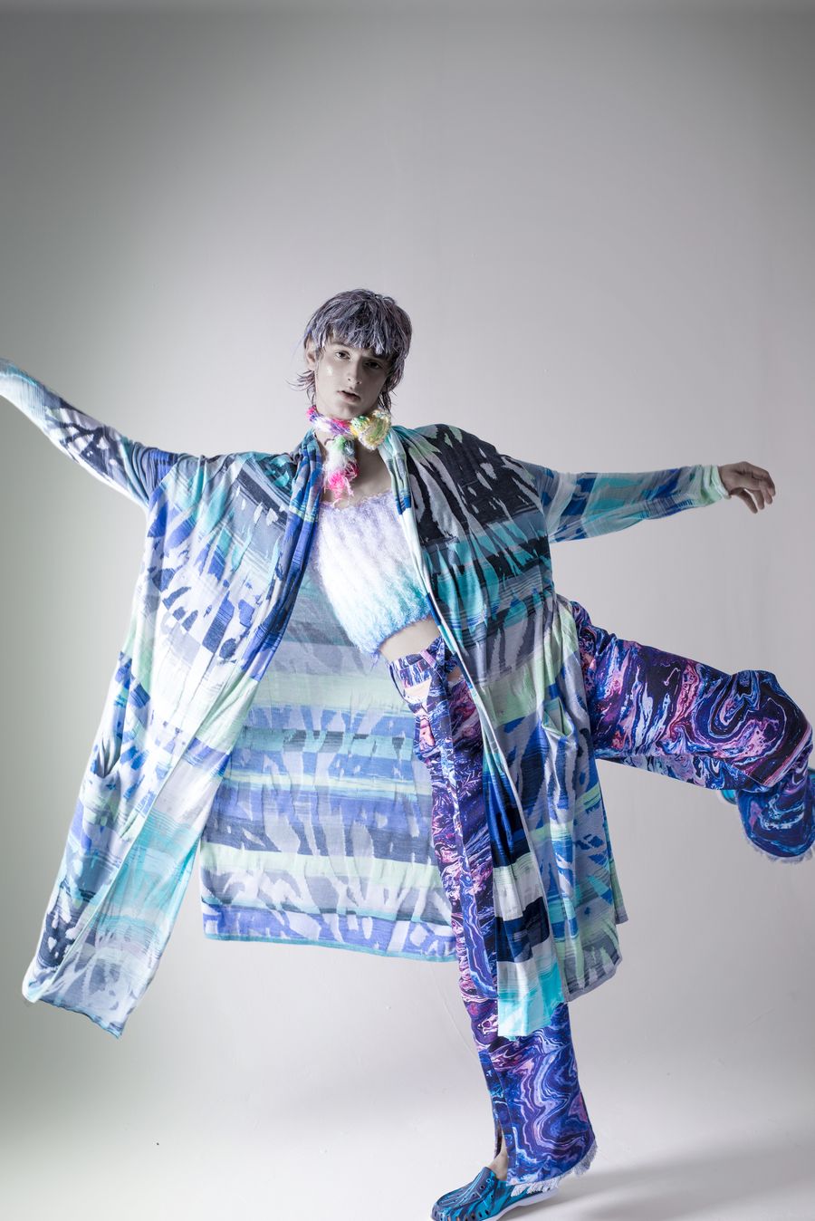 The gradient colours, prints and textures are inspired by the fragile and beautiful wings of butterflies. The knits are made using bespoke and sustainable space-dyed yarns. Devoré, one of the KA WA KEY’s signature techniques, have been used to create romantic transparent textures.
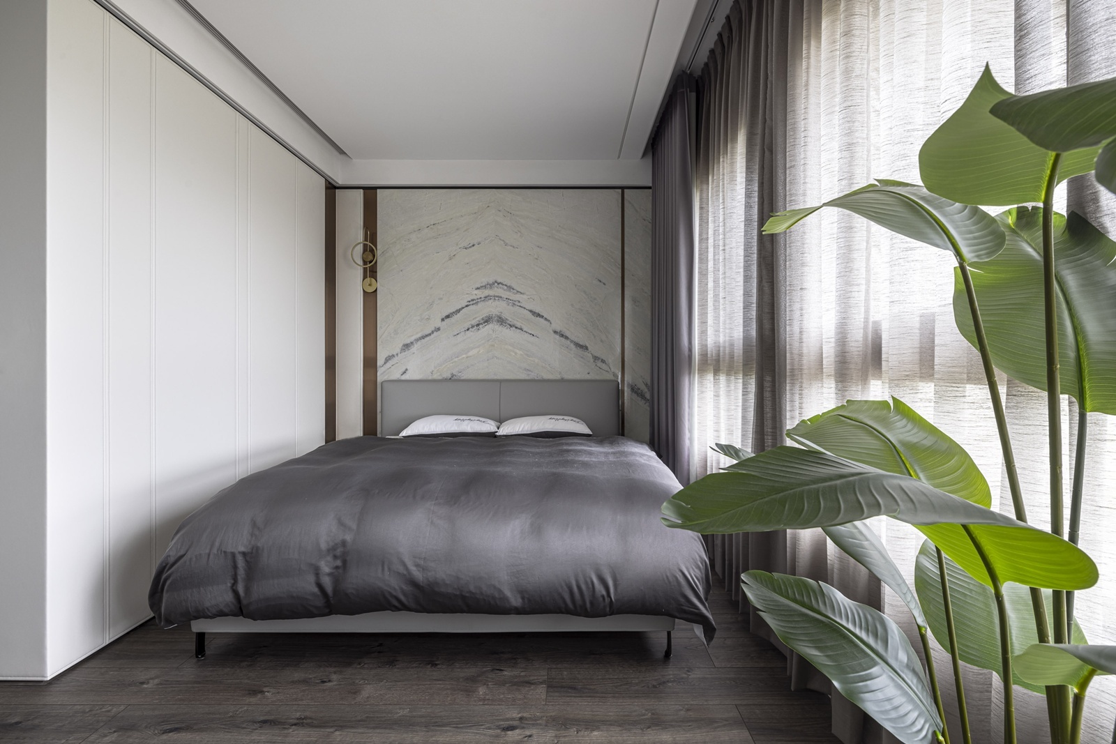 有別於公領域的石紋地磚設計,私領域則是選用溫潤的木板做鋪陳,以此底定寧謐、沉穩的休憩氛圍。其中,床頭背牆設置的淺色石紋壁板,可在呼應公領域的石材元素之餘,保持臥室的明亮感。
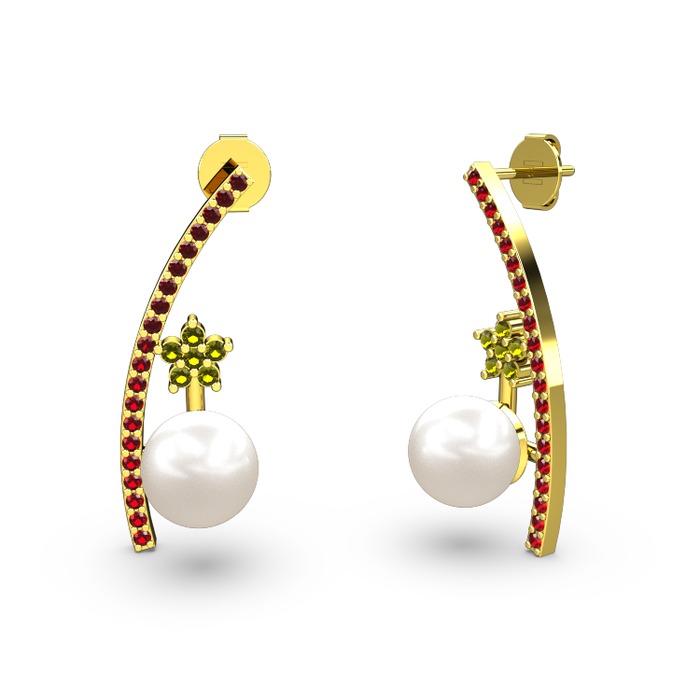 Inci, garnet ve peridot 925 ayar altın kaplama gümüş küpe

##########

#### Prompt
No pictures belong in the copy. Retype exactly, and only, the lines from the line containing "有別於公領域的石紋地磚設計,私領域則是選" through the last line of the data, both included.

#### Output for this task
 有別於公領域的石紋地磚設計,私領域則是選用溫潤的木板做鋪陳,以此底定寧謐、沉穩的休憩氛圍。其中,床頭背牆設置的淺色石紋壁板,可在呼應公領域的石材元素之餘,保持臥室的明亮感。
 Inci, garnet ve peridot 925 ayar altın kaplama gümüş küpe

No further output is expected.